Skeletons in my closet he’s not responsible for.

Even with the knowledge of what he does for a living, the unconventionality of the mafia and its contrast of ambiguous codes and breaking the law,thisstill seems worse.

Maybe that’s how Caroline justifies Elia’s trade.

Goodness outweighing the evil inside, a reverse preservation.

Because even industry criminals have rules. Limits. My parents, Father O’Leary, Murphy—they aren’t the same.

They’re depraved in a way that makes even the Devil’s skin crawl.

“Are you… are you telling me you’ve been running a sex trafficking ring?”

“You didn’t think your father would be the brains behind it, did you? That man was about as bright as a bag of rocks. Where would he have gotten the money to fund something like that, anyway?” Laughing to herself, she swipes hair back from her face, returning her attention to me. “What do you think you’re doing?”

I freeze in place, my heart stuttering. I’m closer to the door at this point than I am her, but she still has that damn gun. My odds aren’t great.

But after a lifetime of being her emotional punching bag, of trying to navigate the rift she caused between Caroline and me, I’ll be damned if I let her keep me here without a fight.

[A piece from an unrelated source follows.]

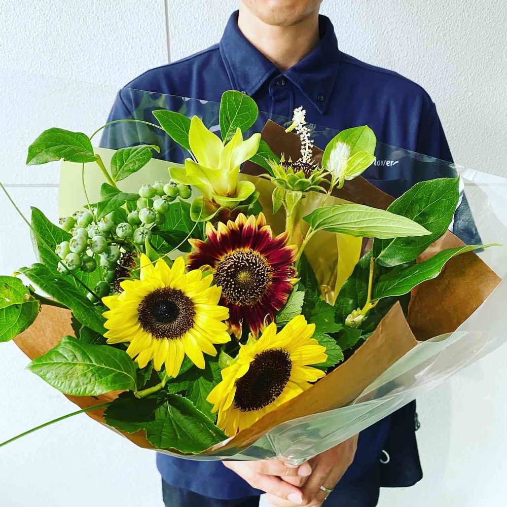 『ヒマワリとブルーベリーのシックな男前ブーケ』
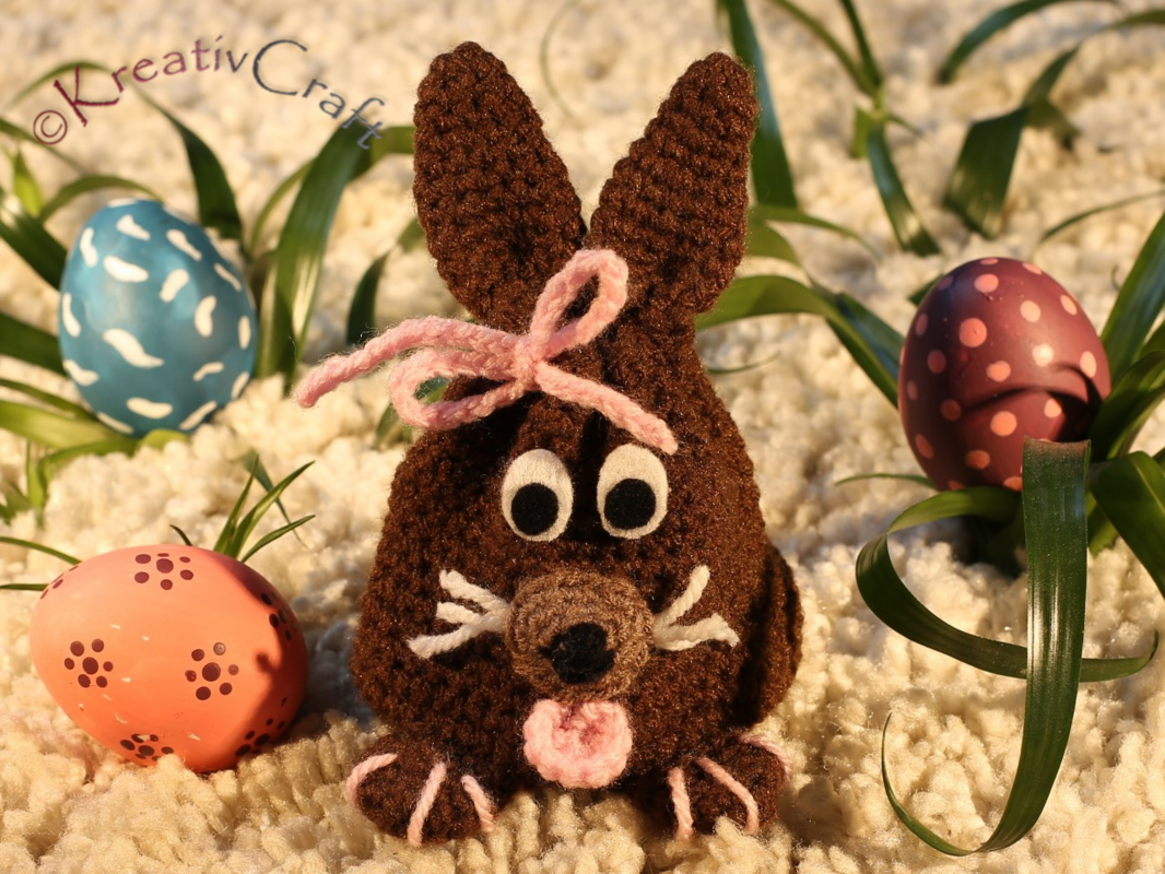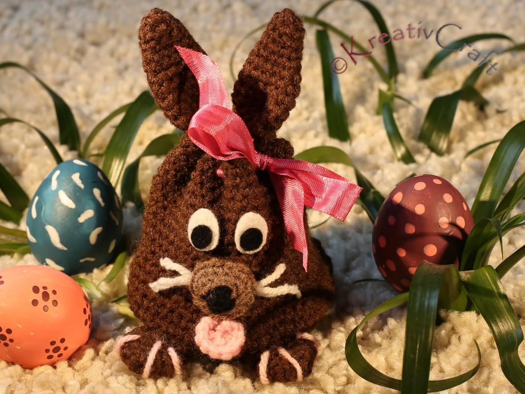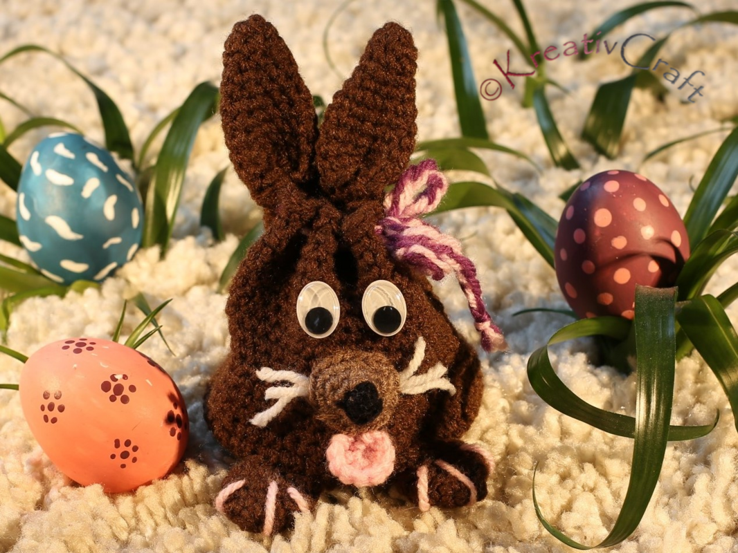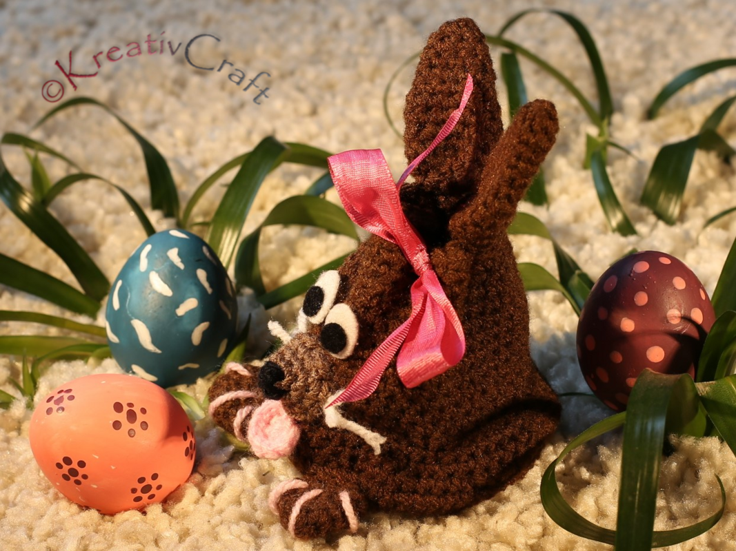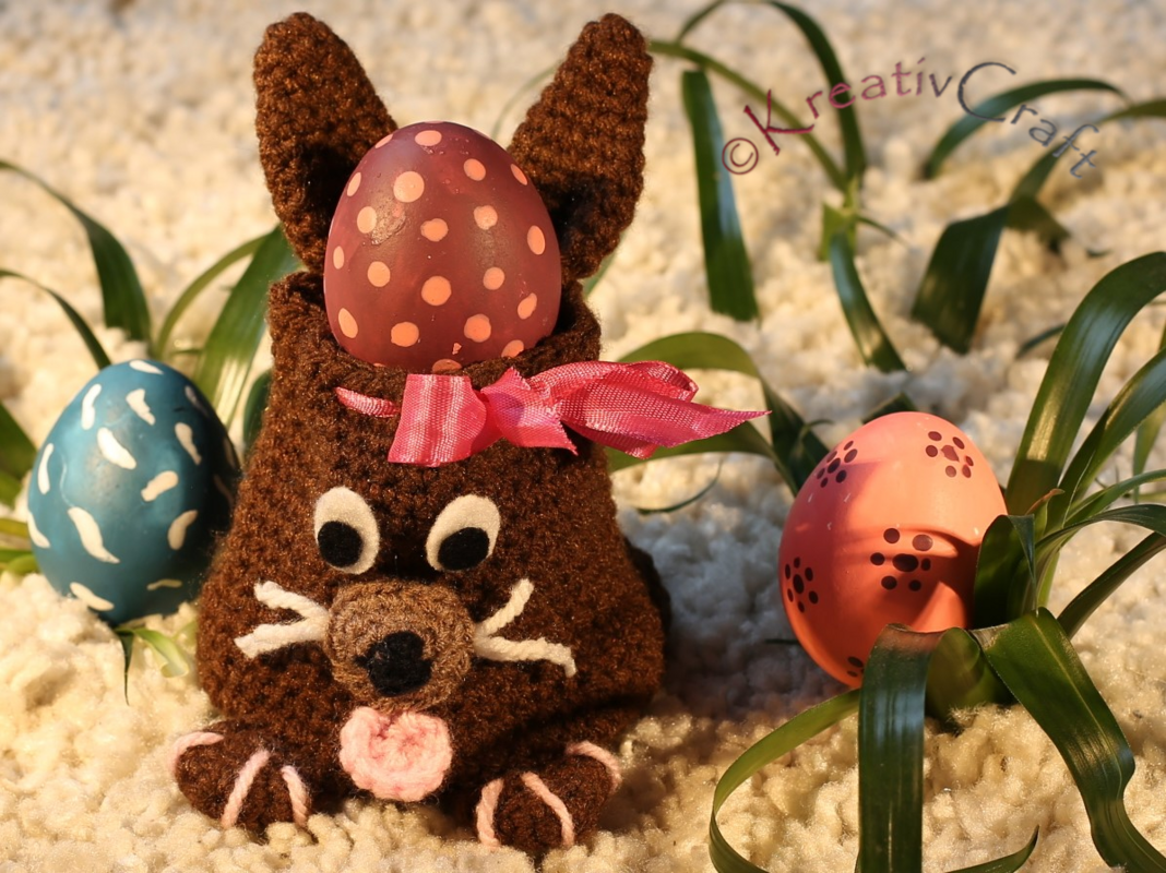 Durch die Wahl der Garnfarbe wird dieses freche Osterhasen-Säckchen zur individuellen und kreativen Geschenkverpackung für eine Osterüberraschung oder zum echten Hingucker.

There’s no point in acknowledging any growth in myself if I can’t make use of it. Put it into action, Hana says.Manifest it.

Even if it hurts.

Even if it kills you.

My hand flies to the locket around my neck, and I channel some of my sister’s strength, some of Kieran’s determination, Elia’s protection. It warps inside me, a hurricane building until I feel it implode, an explosion lighting up every inch of my being.

When I launch myself at my mother, throwing as much of my weight into the jump as possible to carry me to her, I concentrate on the euphoria that speeds through you like a drug when you finally confront your demons.

And now, this isn’t a fight I intend to lose. Not when I’ve already squandered so much.

The attack throws her off, and she startles, stumbling back as my fist connects with her jaw, my fingers scraping for traction in her scalp; I grip at the roots, yanking back and shoving her into the wall.

Her arm jerks into me, a defensive move, knocking the gun into my ribs and stealing the air from my lungs. It stuns me for a split second, pain radiating through my body like a bomb detonating inside, pushing a paralyzing tingle down my limbs.

Regaining my momentum as she tries to shift her fingers back over the trigger, I land a fist into her stomach, reveling in the whoosh of breath that escapes her, then slam the side of her skull into the cement wall, the soft thud of bone splitting beneath the force not one I think I’ll ever forget.